(DATA PROVIDED Opens)
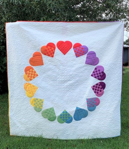 This is a bright and happy quilt if you love the rainbow colours, and the plain background also gives plenty of room for some fun negative space quilting too. The woven hearts are easy to make, and give such a great effect.
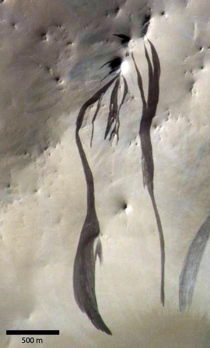 Wygląd, rozmiary i lokalizację poszczególnych smug zestawiono następnie z całą masą zbieranych na Marsie danych dotyczących m.in. zmian temperatury, kierunków wiatru, procesów przemieszczania się luźnego materiału po pochyłościach, czy też orientacji względem stron świata oraz nachylenia zboczy. Z analiz tych wynika, że powstawanie ciemniejszych pasm nie ma nic wspólnego z wodą, natomiast ma wiele wspólnego z wiatrem. „Formy te powstają w miejscach, gdzie silniejszy wiatr akumuluje drobny pył, który w pewnym momencie zaczyna się zsuwać po stromiznach – komentuje Valantinas. – W takich miejscach nie ma ani grama wody. Wszystko jest suche jak pieprz”.
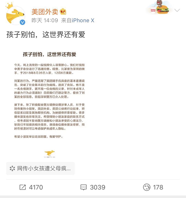 到了中午,美团方面也做了回应:“网爆视频令人非常揪心。我们对视频中男子身份进行了迅速排查。经查,刘某曾为深圳骑手,于2018年8月26日入职,12月6日离职。”
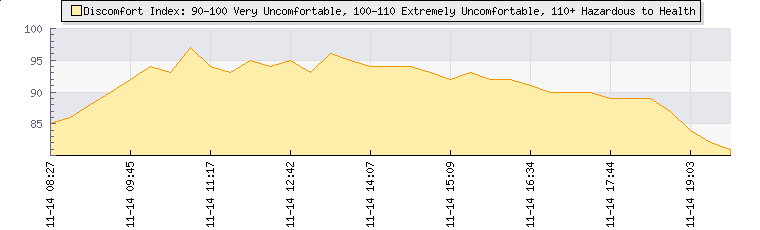 | Wind Gust: | 22 mph | Min Temp: | 17.7 °C | Max Temp: | 30.4 °C | | Wind Average: | 16 mph | Min Hum: | 41 % | Max Hum: | 77 % | |  |
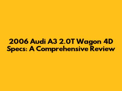 Hey guys! Let's dive deep into the 2006 Audi A3 2.0T Wagon 4D, a vehicle that blends practicality with Audi's signature style and performance. If you're considering a used car that offers a bit of everything, this wagon might just be the ticket. We're going to cover everything from its engine specs to its interior features, ensuring you have a complete picture before making any decisions.
(DATA PROVIDED Closes)
● **TASK STATEMENT**
All of the material above should be reproduced exactly, except the pictures.

● **REPLY TO THE EXERCISE**
 This is a bright and happy quilt if you love the rainbow colours, and the plain background also gives plenty of room for some fun negative space quilting too. The woven hearts are easy to make, and give such a great effect.
 Wygląd, rozmiary i lokalizację poszczególnych smug zestawiono następnie z całą masą zbieranych na Marsie danych dotyczących m.in. zmian temperatury, kierunków wiatru, procesów przemieszczania się luźnego materiału po pochyłościach, czy też orientacji względem stron świata oraz nachylenia zboczy. Z analiz tych wynika, że powstawanie ciemniejszych pasm nie ma nic wspólnego z wodą, natomiast ma wiele wspólnego z wiatrem. „Formy te powstają w miejscach, gdzie silniejszy wiatr akumuluje drobny pył, który w pewnym momencie zaczyna się zsuwać po stromiznach – komentuje Valantinas. – W takich miejscach nie ma ani grama wody. Wszystko jest suche jak pieprz”.
 到了中午,美团方面也做了回应:“网爆视频令人非常揪心。我们对视频中男子身份进行了迅速排查。经查,刘某曾为深圳骑手,于2018年8月26日入职,12月6日离职。”
 | Wind Gust: | 22 mph | Min Temp: | 17.7 °C | Max Temp: | 30.4 °C | | Wind Average: | 16 mph | Min Hum: | 41 % | Max Hum: | 77 % | |  |
 Hey guys! Let's dive deep into the 2006 Audi A3 2.0T Wagon 4D, a vehicle that blends practicality with Audi's signature style and performance. If you're considering a used car that offers a bit of everything, this wagon might just be the ticket. We're going to cover everything from its engine specs to its interior features, ensuring you have a complete picture before making any decisions.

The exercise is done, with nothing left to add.